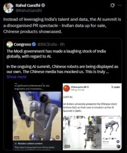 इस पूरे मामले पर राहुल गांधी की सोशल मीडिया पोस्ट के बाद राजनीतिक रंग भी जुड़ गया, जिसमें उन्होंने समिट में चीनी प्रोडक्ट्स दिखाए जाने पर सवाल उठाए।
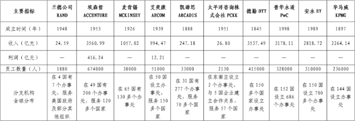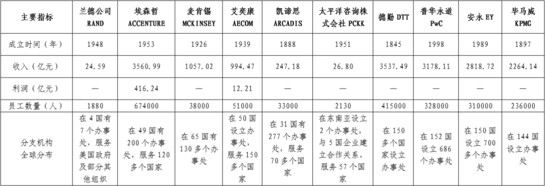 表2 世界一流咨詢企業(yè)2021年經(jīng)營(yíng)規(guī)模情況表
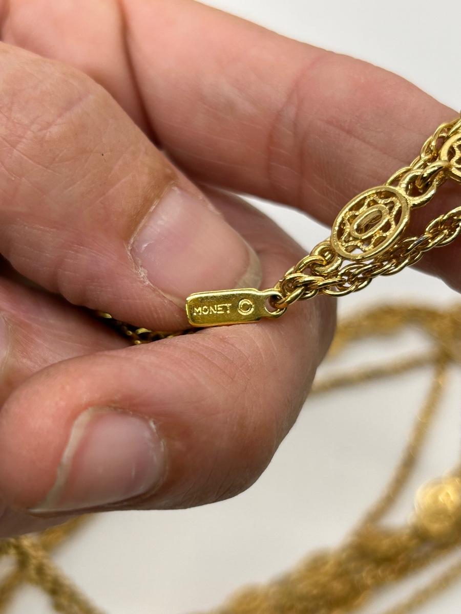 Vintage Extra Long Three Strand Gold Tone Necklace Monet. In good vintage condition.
○ ○ ○
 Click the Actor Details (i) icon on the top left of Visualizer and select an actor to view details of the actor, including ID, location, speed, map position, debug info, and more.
○ ○ ○
## TASK ITEM:
In the listing above, find the line with "इस पूरे मामले" and the line with "Vintage Extra Long". Transcribe those two and everything between, exactly, leaving out pictures.

## EXERCISE ANSWER:
 इस पूरे मामले पर राहुल गांधी की सोशल मीडिया पोस्ट के बाद राजनीतिक रंग भी जुड़ गया, जिसमें उन्होंने समिट में चीनी प्रोडक्ट्स दिखाए जाने पर सवाल उठाए।
 表2 世界一流咨詢企業(yè)2021年經(jīng)營(yíng)規(guī)模情況表
 Vintage Extra Long Three Strand Gold Tone Necklace Monet. In good vintage condition.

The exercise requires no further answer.